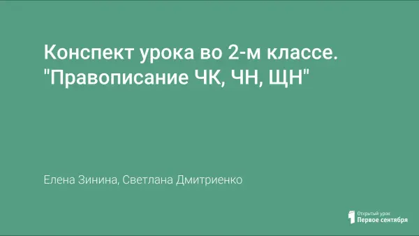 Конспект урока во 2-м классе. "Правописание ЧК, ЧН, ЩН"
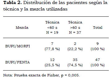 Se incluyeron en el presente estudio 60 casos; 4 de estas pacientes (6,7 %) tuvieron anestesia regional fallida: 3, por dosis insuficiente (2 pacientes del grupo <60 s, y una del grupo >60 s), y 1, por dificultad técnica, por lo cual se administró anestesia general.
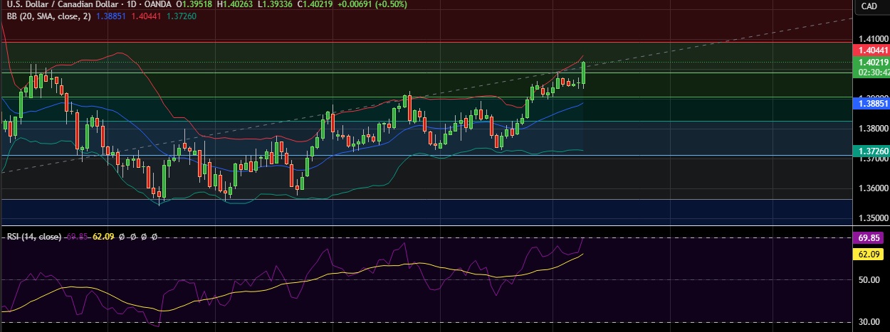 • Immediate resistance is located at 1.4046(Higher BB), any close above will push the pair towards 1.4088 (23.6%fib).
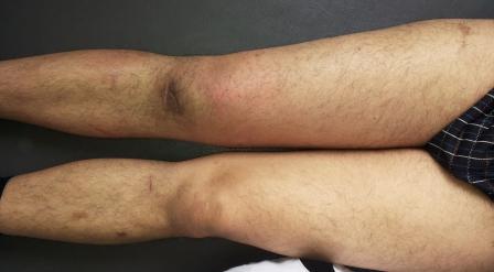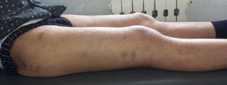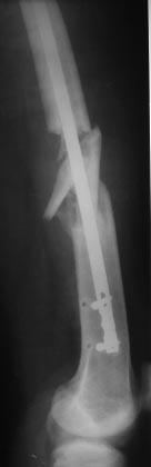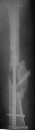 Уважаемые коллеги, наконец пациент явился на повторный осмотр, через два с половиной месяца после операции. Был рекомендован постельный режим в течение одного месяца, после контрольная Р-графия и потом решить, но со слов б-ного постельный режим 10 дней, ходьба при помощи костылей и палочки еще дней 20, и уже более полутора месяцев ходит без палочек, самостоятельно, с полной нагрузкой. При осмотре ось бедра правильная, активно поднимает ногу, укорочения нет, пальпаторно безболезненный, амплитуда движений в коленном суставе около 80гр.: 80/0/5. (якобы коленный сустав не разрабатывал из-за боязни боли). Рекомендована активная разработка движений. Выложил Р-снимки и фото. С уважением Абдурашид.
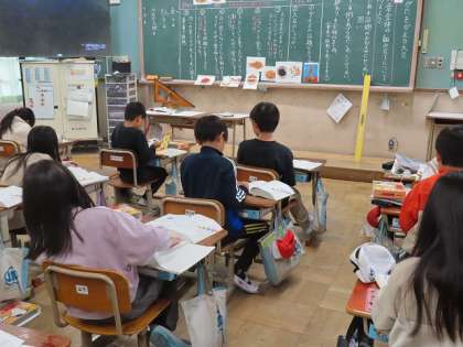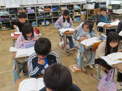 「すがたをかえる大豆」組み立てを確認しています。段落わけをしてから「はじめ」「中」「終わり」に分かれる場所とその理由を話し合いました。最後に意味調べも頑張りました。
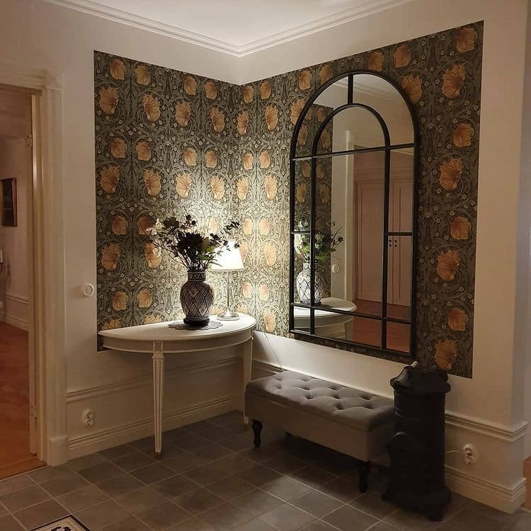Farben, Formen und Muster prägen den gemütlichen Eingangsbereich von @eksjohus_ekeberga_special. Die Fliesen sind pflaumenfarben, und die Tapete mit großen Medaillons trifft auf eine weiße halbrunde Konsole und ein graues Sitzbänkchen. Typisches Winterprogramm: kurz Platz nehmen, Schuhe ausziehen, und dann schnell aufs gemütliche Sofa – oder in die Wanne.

* * * * * * *

== YOUR INSTRUCTIONS ==
Once the line holding "Se incluyeron en" is found, set it down along with every line after it through the end of the entries, exactly, leaving the pictures out.

== TASK ANSWER ==
 Se incluyeron en el presente estudio 60 casos; 4 de estas pacientes (6,7 %) tuvieron anestesia regional fallida: 3, por dosis insuficiente (2 pacientes del grupo <60 s, y una del grupo >60 s), y 1, por dificultad técnica, por lo cual se administró anestesia general.
 • Immediate resistance is located at 1.4046(Higher BB), any close above will push the pair towards 1.4088 (23.6%fib).
 Уважаемые коллеги, наконец пациент явился на повторный осмотр, через два с половиной месяца после операции. Был рекомендован постельный режим в течение одного месяца, после контрольная Р-графия и потом решить, но со слов б-ного постельный режим 10 дней, ходьба при помощи костылей и палочки еще дней 20, и уже более полутора месяцев ходит без палочек, самостоятельно, с полной нагрузкой. При осмотре ось бедра правильная, активно поднимает ногу, укорочения нет, пальпаторно безболезненный, амплитуда движений в коленном суставе около 80гр.: 80/0/5. (якобы коленный сустав не разрабатывал из-за боязни боли). Рекомендована активная разработка движений. Выложил Р-снимки и фото. С уважением Абдурашид.
 「すがたをかえる大豆」組み立てを確認しています。段落わけをしてから「はじめ」「中」「終わり」に分かれる場所とその理由を話し合いました。最後に意味調べも頑張りました。
Farben, Formen und Muster prägen den gemütlichen Eingangsbereich von @eksjohus_ekeberga_special. Die Fliesen sind pflaumenfarben, und die Tapete mit großen Medaillons trifft auf eine weiße halbrunde Konsole und ein graues Sitzbänkchen. Typisches Winterprogramm: kurz Platz nehmen, Schuhe ausziehen, und dann schnell aufs gemütliche Sofa – oder in die Wanne.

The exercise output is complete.